=== Begin Enclosure ===
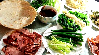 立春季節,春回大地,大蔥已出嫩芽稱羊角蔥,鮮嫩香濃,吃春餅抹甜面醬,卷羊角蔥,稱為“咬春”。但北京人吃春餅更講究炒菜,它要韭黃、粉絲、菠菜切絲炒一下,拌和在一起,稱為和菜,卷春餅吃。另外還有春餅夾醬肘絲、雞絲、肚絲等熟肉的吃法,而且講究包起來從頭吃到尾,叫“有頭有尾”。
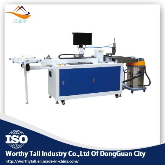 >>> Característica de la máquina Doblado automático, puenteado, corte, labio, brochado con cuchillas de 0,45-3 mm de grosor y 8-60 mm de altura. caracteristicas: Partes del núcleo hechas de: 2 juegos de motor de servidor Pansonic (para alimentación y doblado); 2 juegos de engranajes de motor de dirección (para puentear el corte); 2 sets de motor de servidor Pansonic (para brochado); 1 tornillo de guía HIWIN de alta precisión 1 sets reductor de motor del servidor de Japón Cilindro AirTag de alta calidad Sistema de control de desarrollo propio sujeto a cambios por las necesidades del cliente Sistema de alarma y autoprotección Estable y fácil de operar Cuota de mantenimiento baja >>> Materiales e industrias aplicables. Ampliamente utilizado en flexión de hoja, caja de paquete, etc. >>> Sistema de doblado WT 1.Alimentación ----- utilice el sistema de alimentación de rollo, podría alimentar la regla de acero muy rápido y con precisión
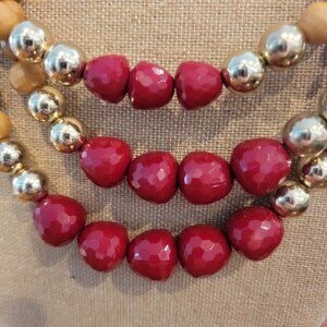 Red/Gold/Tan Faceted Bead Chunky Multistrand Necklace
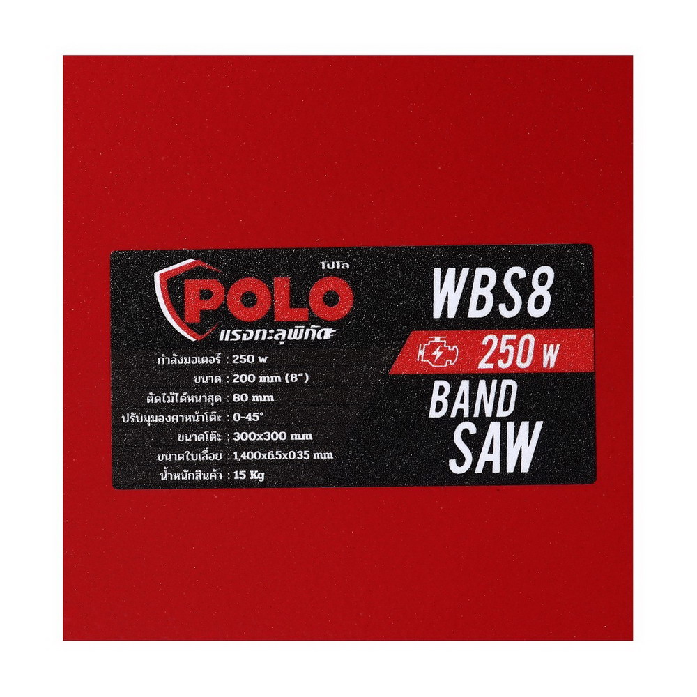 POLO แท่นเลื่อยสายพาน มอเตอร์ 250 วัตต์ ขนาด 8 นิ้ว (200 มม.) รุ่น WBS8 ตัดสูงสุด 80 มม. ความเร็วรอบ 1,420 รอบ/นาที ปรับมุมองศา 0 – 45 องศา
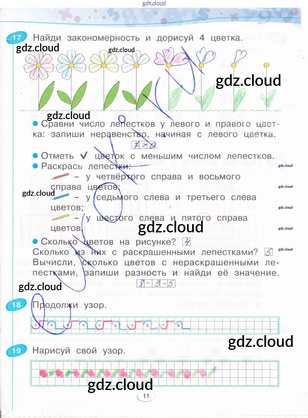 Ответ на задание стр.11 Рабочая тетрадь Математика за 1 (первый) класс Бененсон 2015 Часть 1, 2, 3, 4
=== End Enclosure ===
=== Begin Enclosure ===
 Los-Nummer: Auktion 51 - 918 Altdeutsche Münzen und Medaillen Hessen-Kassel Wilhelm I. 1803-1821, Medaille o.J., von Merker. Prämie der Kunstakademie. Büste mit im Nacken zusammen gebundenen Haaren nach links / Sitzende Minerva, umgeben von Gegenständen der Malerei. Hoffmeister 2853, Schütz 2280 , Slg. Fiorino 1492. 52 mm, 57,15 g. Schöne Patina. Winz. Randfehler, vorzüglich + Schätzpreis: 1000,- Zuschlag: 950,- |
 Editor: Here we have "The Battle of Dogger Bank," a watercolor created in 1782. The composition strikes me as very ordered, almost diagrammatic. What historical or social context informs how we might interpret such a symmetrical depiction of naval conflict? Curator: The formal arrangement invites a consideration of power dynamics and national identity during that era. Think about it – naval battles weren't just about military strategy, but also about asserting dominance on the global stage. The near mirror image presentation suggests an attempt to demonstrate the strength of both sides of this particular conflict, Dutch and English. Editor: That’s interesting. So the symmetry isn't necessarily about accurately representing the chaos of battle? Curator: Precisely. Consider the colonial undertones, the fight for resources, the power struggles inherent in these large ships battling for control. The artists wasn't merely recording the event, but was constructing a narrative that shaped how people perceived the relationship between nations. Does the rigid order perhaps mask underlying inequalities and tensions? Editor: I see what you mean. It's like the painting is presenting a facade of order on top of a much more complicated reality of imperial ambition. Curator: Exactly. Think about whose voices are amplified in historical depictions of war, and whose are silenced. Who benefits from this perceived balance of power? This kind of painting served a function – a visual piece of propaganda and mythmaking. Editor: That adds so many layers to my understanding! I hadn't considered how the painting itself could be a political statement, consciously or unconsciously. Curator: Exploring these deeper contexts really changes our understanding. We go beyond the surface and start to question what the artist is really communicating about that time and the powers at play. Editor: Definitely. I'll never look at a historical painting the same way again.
=== End Enclosure ===
> _To do_: If a picture sits between the line containing "POLO แท่นเลื่อยสายพาน มอเตอร์" and the line containing "Ответ на задание", leave it out, and return the lines of that range above exactly, both ends included.

> _Response to the task_:
 POLO แท่นเลื่อยสายพาน มอเตอร์ 250 วัตต์ ขนาด 8 นิ้ว (200 มม.) รุ่น WBS8 ตัดสูงสุด 80 มม. ความเร็วรอบ 1,420 รอบ/นาที ปรับมุมองศา 0 – 45 องศา
 Ответ на задание стр.11 Рабочая тетрадь Математика за 1 (первый) класс Бененсон 2015 Часть 1, 2, 3, 4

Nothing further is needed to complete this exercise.